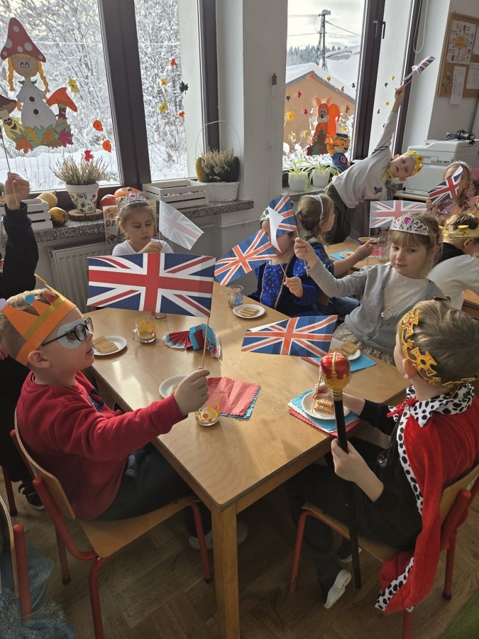 Jednym z wyjątkowych wydarzeń był „Dzień Brytyjski – British Day”, podczas którego przedszkolaki poznały symbole narodowe Wielkiej Brytanii, jej regiony oraz charakterystyczne miejsca, takie jak Pałac Buckingham, Big Ben czy Tower Bridge. Dzieci uczyły się podstawowych zwrotów w języku angielskim, śpiewały piosenki oraz uczestniczyły w zabawach sensorycznych. Dużym zainteresowaniem cieszyła się także tradycyjna ceremonia picia herbaty, a królewskiego klimatu dodały stroje małych „angielskich dżentelmenów”.
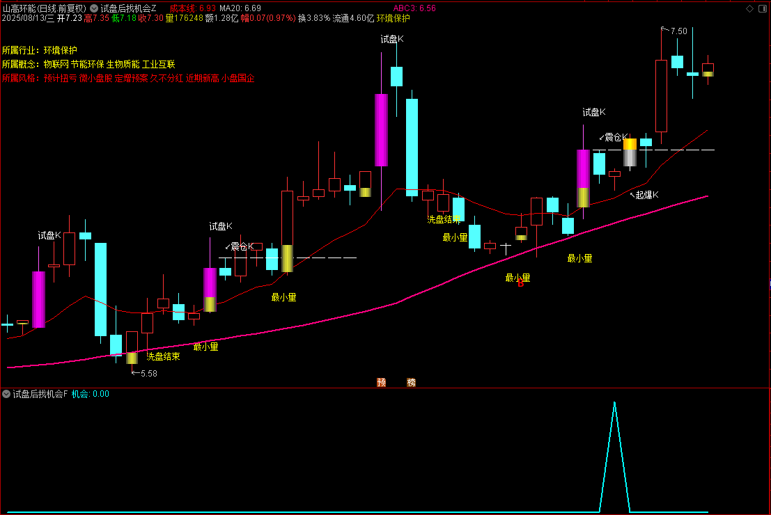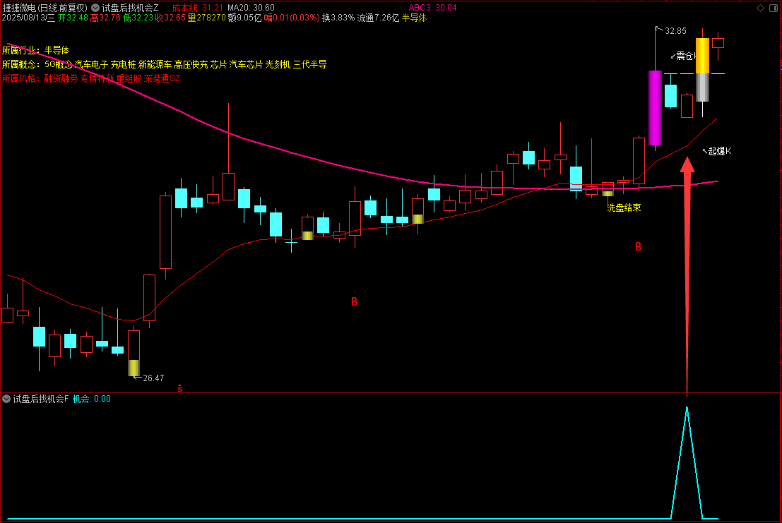 (【试盘后找机会】通达信试盘后找机会主副图选股指标,源码)
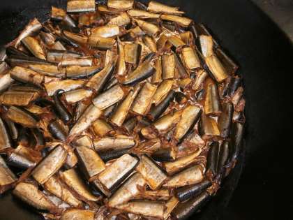 さんまが定番のしょうが煮やみそ煮ではなく,トウバンジャンを使った『かわり煮』です。
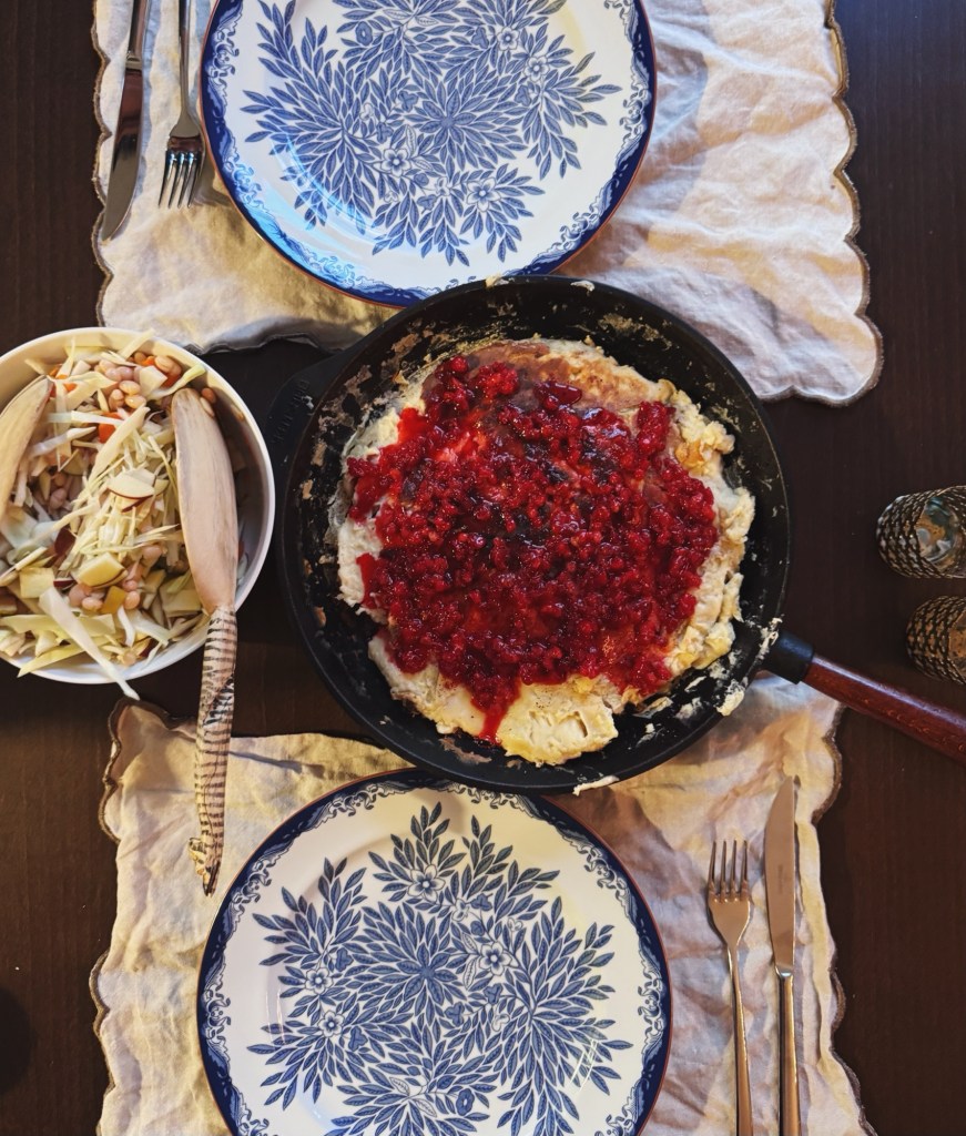 Eftersom jag är hemma mycket senare om vardagarna har matlagningen också fått spegla det. Daniel har lagat pasta och köttfärssås och jag var syndig och åt med ketchup, tryggaste som finns. Gjorde även skånsk äggakaga som vi ofta fick i skolan, och åt med lingon från Hälsingland. Säg något godare! Kanske får månadens rätt dock ändå bli kantarellpasta eftersom det plockats en del.
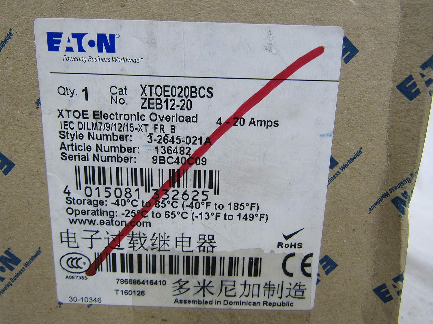 - Eaton XTOE020BCS Ovrload Relay,4 to 20A,Class 10/20/30,3P
________
• About this task
I would like you to set down the lines above, from the one containing "(【试盘后找机会】通达信试盘后找机会主副图选股指标,源码)" to the final line, exactly as written and without pictures.

• Output below
 (【试盘后找机会】通达信试盘后找机会主副图选股指标,源码)
 さんまが定番のしょうが煮やみそ煮ではなく,トウバンジャンを使った『かわり煮』です。
 Eftersom jag är hemma mycket senare om vardagarna har matlagningen också fått spegla det. Daniel har lagat pasta och köttfärssås och jag var syndig och åt med ketchup, tryggaste som finns. Gjorde även skånsk äggakaga som vi ofta fick i skolan, och åt med lingon från Hälsingland. Säg något godare! Kanske får månadens rätt dock ändå bli kantarellpasta eftersom det plockats en del.
 - Eaton XTOE020BCS Ovrload Relay,4 to 20A,Class 10/20/30,3P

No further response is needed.